## Provided data
════════
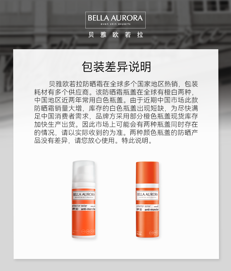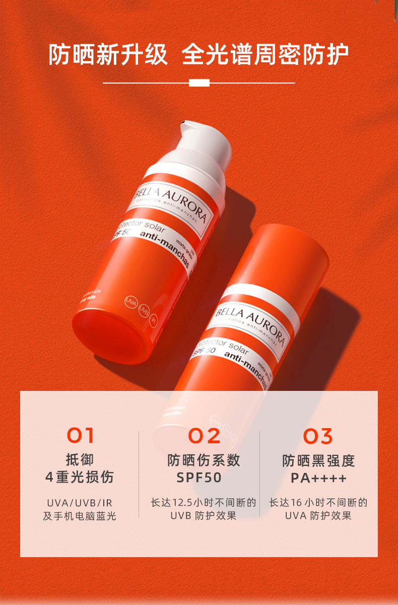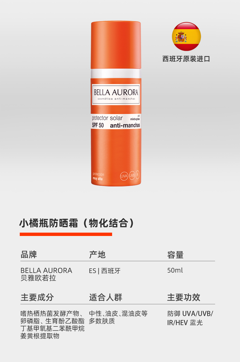 西班牙BellaAurora贝雅欧若拉小橘瓶防晒霜50ml SPF50 PA++++
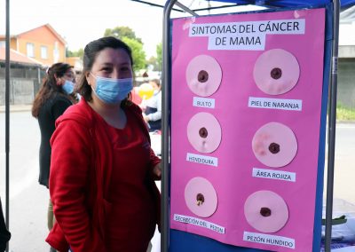 Dentro de las actividades de concientización para remarcar estos importantes elementos se cuentan la participación de la Dirección Comunal de Salud en las ferias efectuadas este mes por Prodemu y la Municipalidad de Los Ángeles –ambas en la Plaza de Armas-, la instalación de stands informativos en CESFAM y la acción llevada a cabo este miércoles por el CECOSF Rural El Peral, denominada “Cuídate y tócate antes de que te toque”.
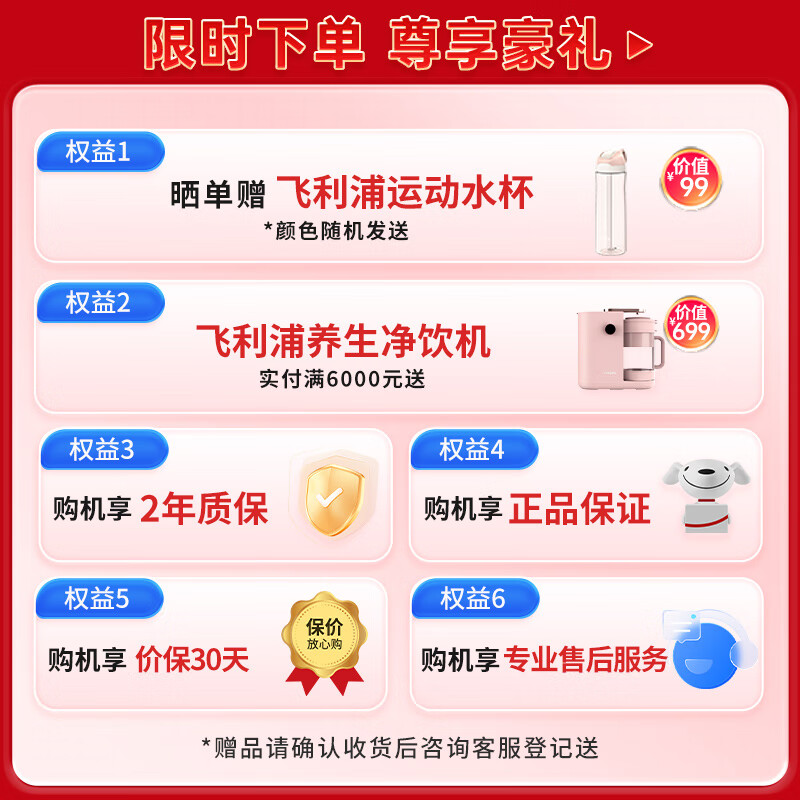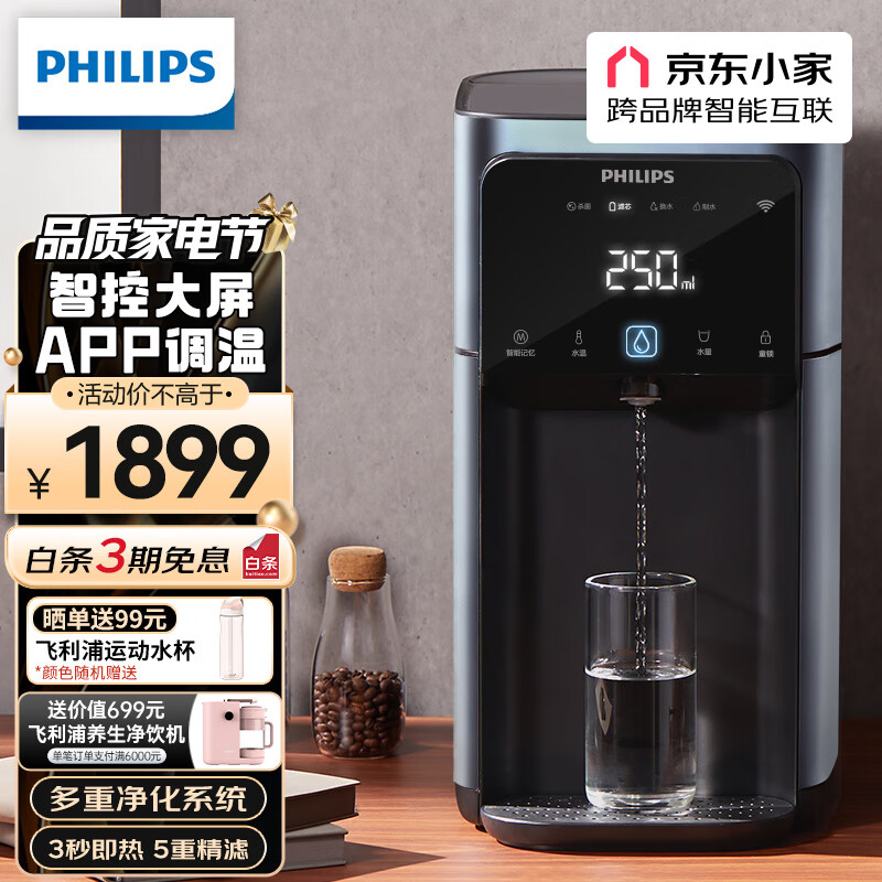 飞利浦(PHILIPS)加热净水器 家用即热式净水机台式免安装反渗透净水器直饮水机净饮一体机京东小家智能生态ADD6801价格:1899.00元!
════════
## Exercise instructions
Exactly the lines from the top of the listing through the line with "Dentro de las", and no pictures, should be printed.

## Result for this task
 西班牙BellaAurora贝雅欧若拉小橘瓶防晒霜50ml SPF50 PA++++
 Dentro de las actividades de concientización para remarcar estos importantes elementos se cuentan la participación de la Dirección Comunal de Salud en las ferias efectuadas este mes por Prodemu y la Municipalidad de Los Ángeles –ambas en la Plaza de Armas-, la instalación de stands informativos en CESFAM y la acción llevada a cabo este miércoles por el CECOSF Rural El Peral, denominada “Cuídate y tócate antes de que te toque”.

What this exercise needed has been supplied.